On March 8, 2014, Malaysia Flight 370 took off from Kuala Lumpur International Airport as a regular commercial passenger flight, with its intended destination in Beijing, China. Halfway through the flight, MH370 was instructed to contact air traffic control in Ho Chi Minh City as it entered Vietnamese airspace. It never did.
Minutes later, it vanished from all flight radar, and any attempts to contact the pilots were unsuccessful. Almost a decade later, the plane and all 239 people on board are still missing, and have never been fully recovered.
In the days following the disappearance, a search effort involving 26 countries began. Using satellite information transmitted from the plane after radar connection was lost, the flight was suspected to have diverted from its normal course. Subsequently, it is thought to have flown towards the Southern Indian Ocean where it would inevitably crash due to fuel exhaustion. Search efforts in the suspected crash area on the surface of the ocean, as well as underwater, yielded no evidence of any plane crash taking place.
While the location of the missing plane remains a mystery, there is no shortage of theories on how the fate of the lost flight came to be. One of the most prominent theories is that the pilot, Zaharie Ahmad Shah, manually took control of the aircraft, and flew it to the ocean where it would crash.
The primary evidence for this theory is from information on Shah’s at-home flight simulator. When authorities investigated his home, files were found from sessions on the flight simulator from months before the disappearance. According to the Safety Investigation Report released by the Royal Malaysian Police in 2018, within the data included seven intentionally marked coordinates. When these coordinates were put together, they suspiciously resembled the predicted path that Flight 370 took towards the Indian Ocean. The Malaysian police were unable to verify if these waypoints were made in the same simulator session, or simply were a coincidence.

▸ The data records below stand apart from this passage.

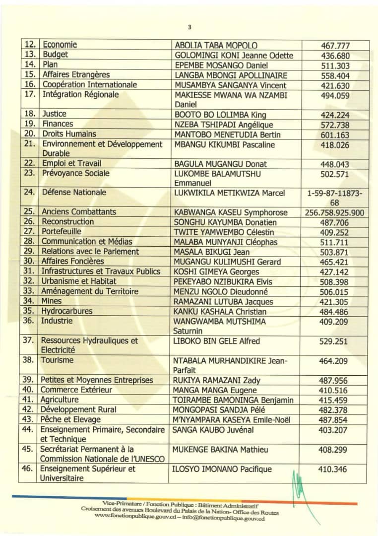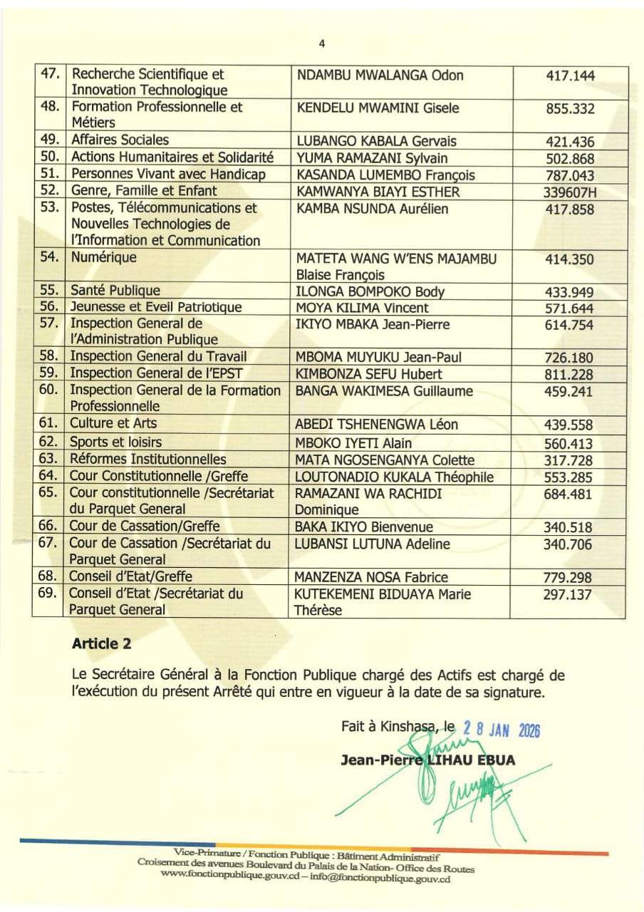 Par ailleurs, au ministère de la Fonction publique, Thérèse Bafalanga Atosa est affectée aux services des Actifs, et Gilbert Mayi Lumeka aux services de la Réserve rémunérée. Au ministère de l’Intérieur et Sécurité, Jean-Robert Tshimanga Musungayi prend la tête des services administratifs, tandis qu’à la Décentralisation, Flory Mokambia Elombo est nommé. Dans les Affaires coutumières, Augustin Mungimi Tiamweni et Alexis Kaluwa Mwangala assurent les nouvelles fonctions, et Pierrot Nke Sana Moko prend la direction des Relations avec les partis politiques.
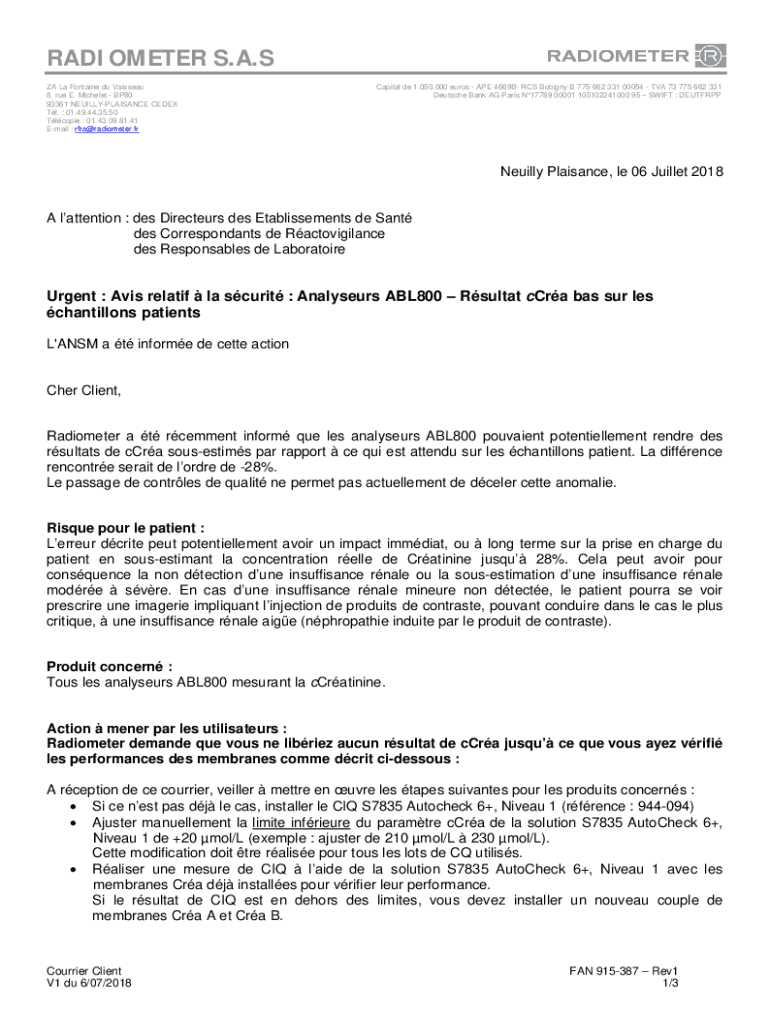 Email : rfra@radiometer.frCapital de 1,050,000 euros APE 4669B
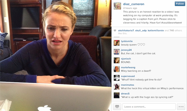 With it being so close to Thanksgiving Hanukkah, I thought it might be somewhat hard to find a caption contest photo for the caption contest this afternoon. The photos all might already be traveling home, I thought, or maybe they're just trying to get their photo work done so they can head out early. And for a while I was right! Thank goodness for Cameron Diaz, though, who provided us with an EXCELLENT option through Instagram today, saying, "This picture is an honest reaction to a video I was watching on my computer at work yesterday. It's begging for a caption from ya'll. Please stick to cleverness and hilarity. Have fun! #couldbearetweet" And it is begging for a caption from ya'll [sic]! What is she thinking?! Remember that it is an honest reaction, and please stick to cleverness and hilarity. Take your bullshit somewhere else, all right?
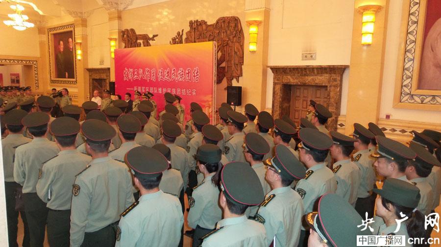 央廣網烏魯木齊6月9日消息(記者吳卓勝 通訊員李翔) 今天上午,由新疆軍區政治部舉辦的“發揮三隊作用,促進民族團結——新疆軍區部隊維護民族團結紀實”攝影作品展在北門八一劇場正式開幕。
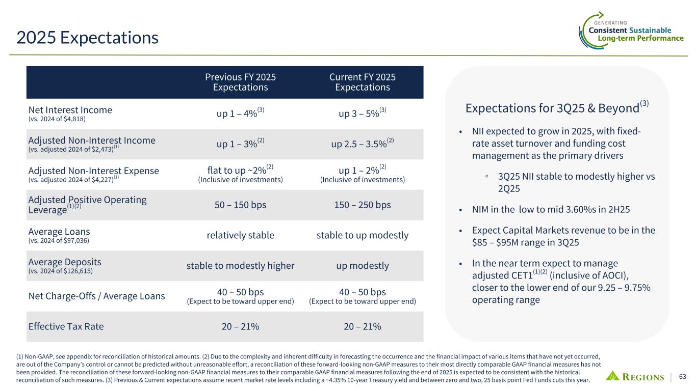 63 Expectations for 3Q25 & Beyond(3) • NII expected to grow in 2025, with fixed- rate asset turnover and funding cost management as the primary drivers ◦ 3Q25 NII stable to modestly higher vs 2Q25 • NIM in the low to mid 3.60%s in 2H25 • Expect Capital Markets revenue to be in the $85 – $95M range in 3Q25 • In the near term expect to manage adjusted CET1(1)(2) (inclusive of AOCI), closer to the lower end of our 9.25 – 9.75% operating range 2025 Expectations (1) Non-GAAP, see appendix for reconciliation of historical amounts. (2) Due to the complexity and inherent difficulty in forecasting the occurrence and the financial impact of various items that have not yet occurred, are out of the Company’s control or cannot be predicted without unreasonable effort, a reconciliation of these forward-looking non-GAAP measures to their most directly comparable GAAP financial measures has not been provided. The reconciliation of these forward-looking non-GAAP financial measures to their comparable GAAP financial measures following the end of 2025 is expected to be consistent with the historical reconciliation of such measures. (3) Previous & Current expectations assume recent market rate levels including a ~4.35% 10-year Treasury yield and between zero and two, 25 basis point Fed Funds cuts this year. Previous FY 2025 Expectations Current FY 2025 Expectations Net Interest Income (vs. 2024 of $4,818) up 1 – 4%(3) up 3 – 5%(3) Adjusted Non-Interest Income (vs. adjusted 2024 of $2,473)(1) up 1 – 3%(2) up 2.5 – 3.5%(2) Adjusted Non-Interest Expense (vs. adjusted 2024 of $4,227)(1) flat to up ~2%(2) (Inclusive of investments) up 1 – 2%(2) (Inclusive of investments) Adjusted Positive Operating Leverage(1)(2) 50 – 150 bps 150 – 250 bps Average Loans (vs. 2024 of $97,036) relatively stable stable to up modestly Average Deposits (vs. 2024 of $126,615) stable to modestly higher up modestly Net Charge-Offs / Average Loans 40 – 50 bps (Expect to be toward upper end) 40 – 50 bps (Expect to be toward upper end) Effective Tax Rate 20 – 21% 20 – 21%
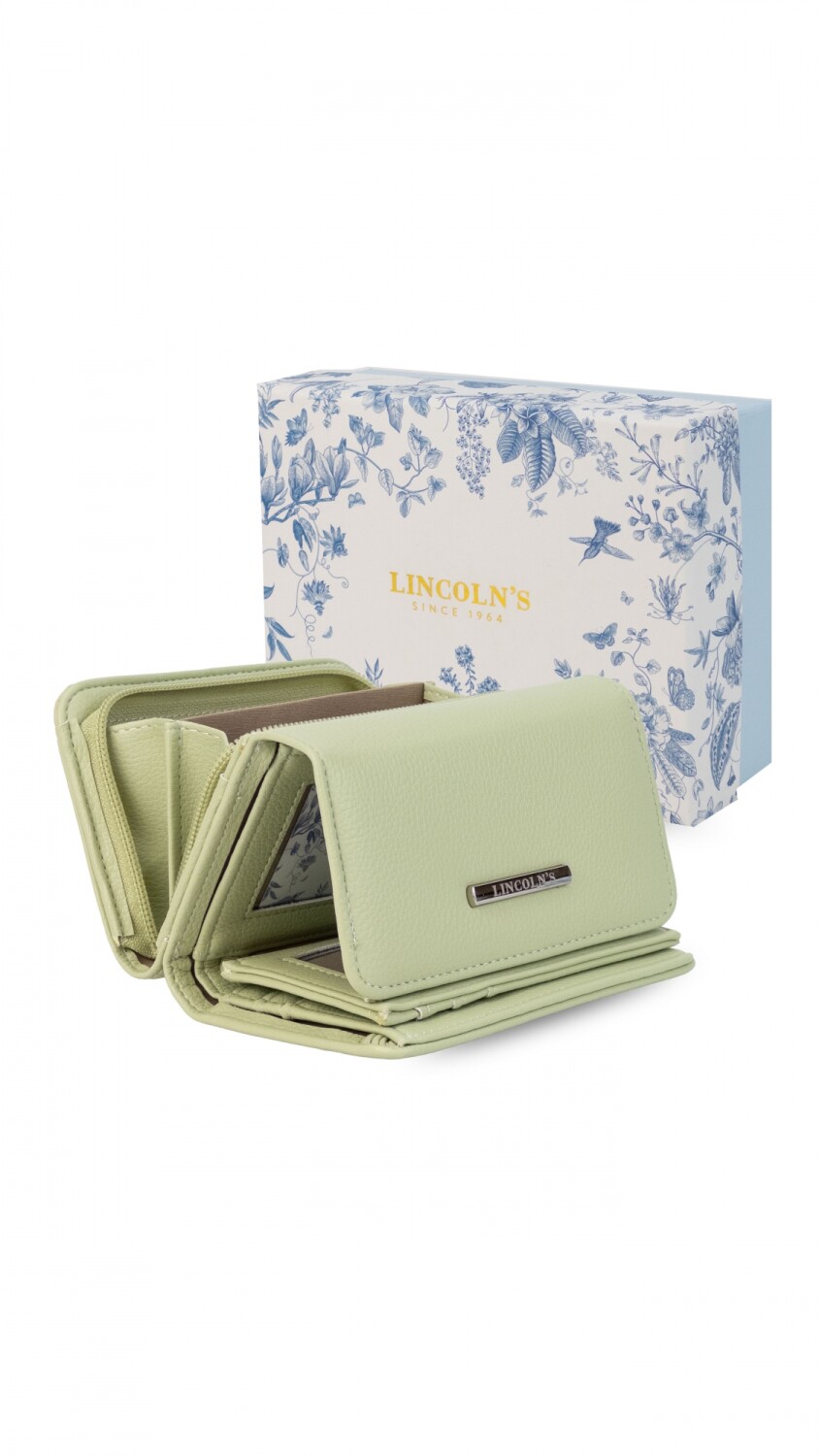 Billetera mediana con broche a presión. Interior con volante, tarjeteros, visores, bolsillos y repartición para billetes. Compartimento posterior con cierre y dos divisiones internas.

In addition to this, Shah was a highly credible pilot and had no suspected motives for diverting the flight. These facts cast significant doubt on him as a suspect for investigators.
Many other theories hold very little standing as plausible. Some believe that the flight was part of a wider conspiracy in which the U.S. had shot down the plane after it had flown off course. According to the theory, the plane was shot down from the U.S. military base on the island Diego Garcia, which is known for being a highly secretive facility. After this, the predicted flight path and evidence of the pilot’s involvement were allegedly crafted intentionally to divert attention and cover-up the incident.
Another theory posits that the plane could have been hijacked remotely by someone on land. However, there have been no cases of a plane ever being hijacked by a remote device in aviation history. For this reason, this theory is widely discredited as there is no concrete evidence to support it.
Today, official search efforts have remained suspended since 2017. Despite this, American company Ocean Infinity has not stopped their dedication to the search, claiming that they will begin efforts to scan the bottom of the ocean for wreckage in 2024. If efforts are successful, we can only hope that we may be able to finally have an answer to what happened to the most perplexing aviation mystery in history.